Data entries:
*** Begin section ***
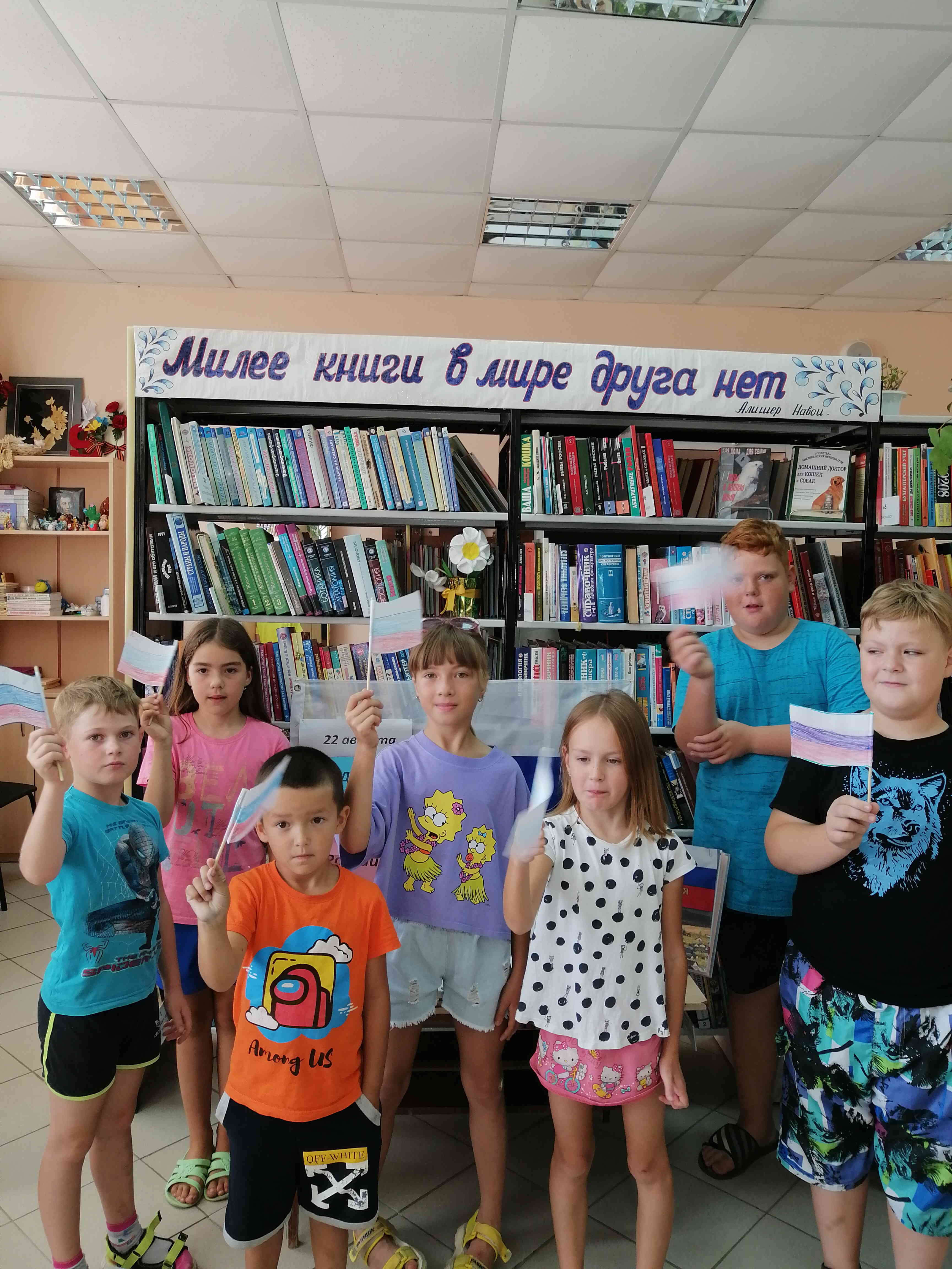 19 августа библиотека № 28 МКУК МЦБС п. Мирный пригласила ребят на познавательную беседу "День флага".
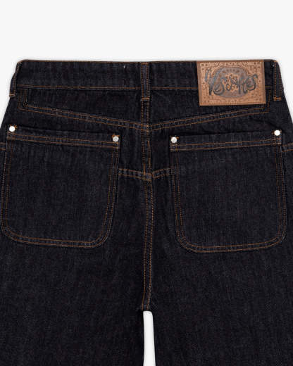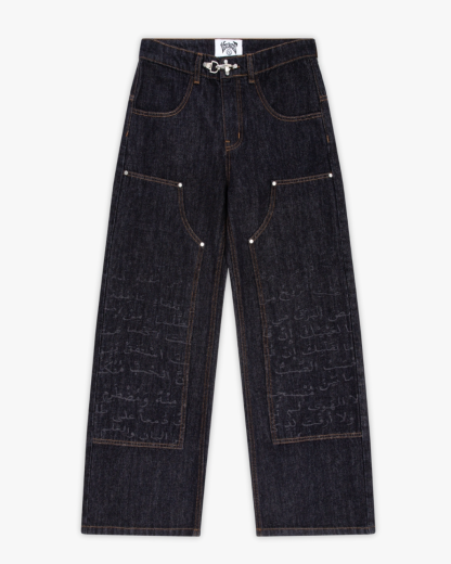 Crafted from selvedge-inspired denim, and defined by warm golden stitching and workwear-inspired carpenter panelling. The front panels carry a laser-etched Arabic poem that subtly fades into the raw denim, creating a quiet contrast between structure and script. Finished with a fireman hook clasp and oriental rug leather tab.
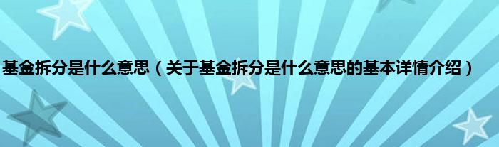 本文关于基金拆分是什么意思的基本详情介绍就讲解完毕,希望对大家有所帮助。
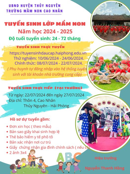 Mùa tuyển sinh cho năm học 2024 - 2025 đang đến gần, Trường MN Cao Nhân xin trân trọng thông báo và hân hoan chào đón Quý phụ huynh đăng ký tuyển sinh tại trường !
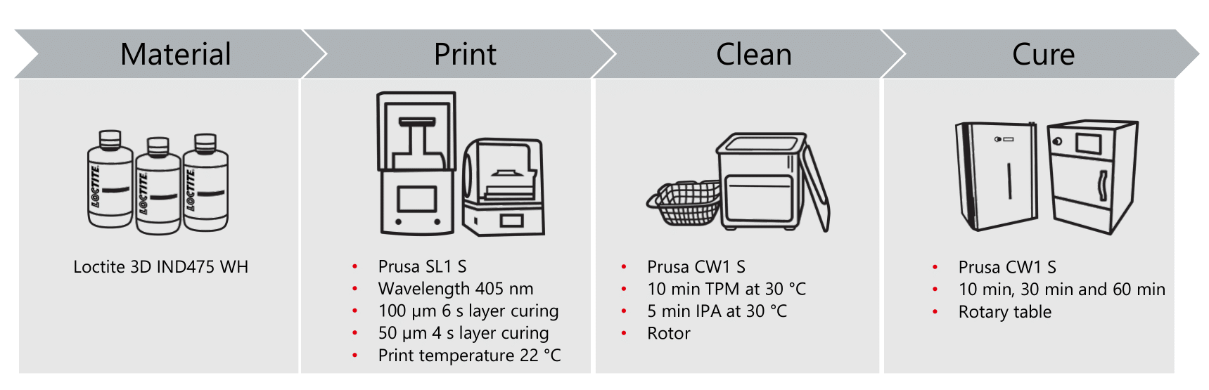 Depois de um processo de validação exaustivo da empresa Henkel em conjunto com a Prusa Research, apresentamos-lhe a resina branca Loctite 3D IND475 A60 High Rebound. Validámos não só que pode imprimir esta resina avançada na Prusa SL1S SPEED original, mas também que, ao seguir o fluxo de trabalho específico de pós-processamento, pode confiar nas propriedades mecânicas da impressão definidas pelo fabricante.
*** End section ***
▸ **WHAT YOU ARE ASKED TO DO**: From the records above, quote word for word only the lines beginning at the line that has "Crafted from selvedge-inspired" and stopping after the line that has "本文关于基金拆分是什么意思的基本详情介绍就讲解完毕,希望对大家有所帮助。". Omit the pictures.

▸ **ANSWER FOR THE TASK**:
 Crafted from selvedge-inspired denim, and defined by warm golden stitching and workwear-inspired carpenter panelling. The front panels carry a laser-etched Arabic poem that subtly fades into the raw denim, creating a quiet contrast between structure and script. Finished with a fireman hook clasp and oriental rug leather tab.
 本文关于基金拆分是什么意思的基本详情介绍就讲解完毕,希望对大家有所帮助。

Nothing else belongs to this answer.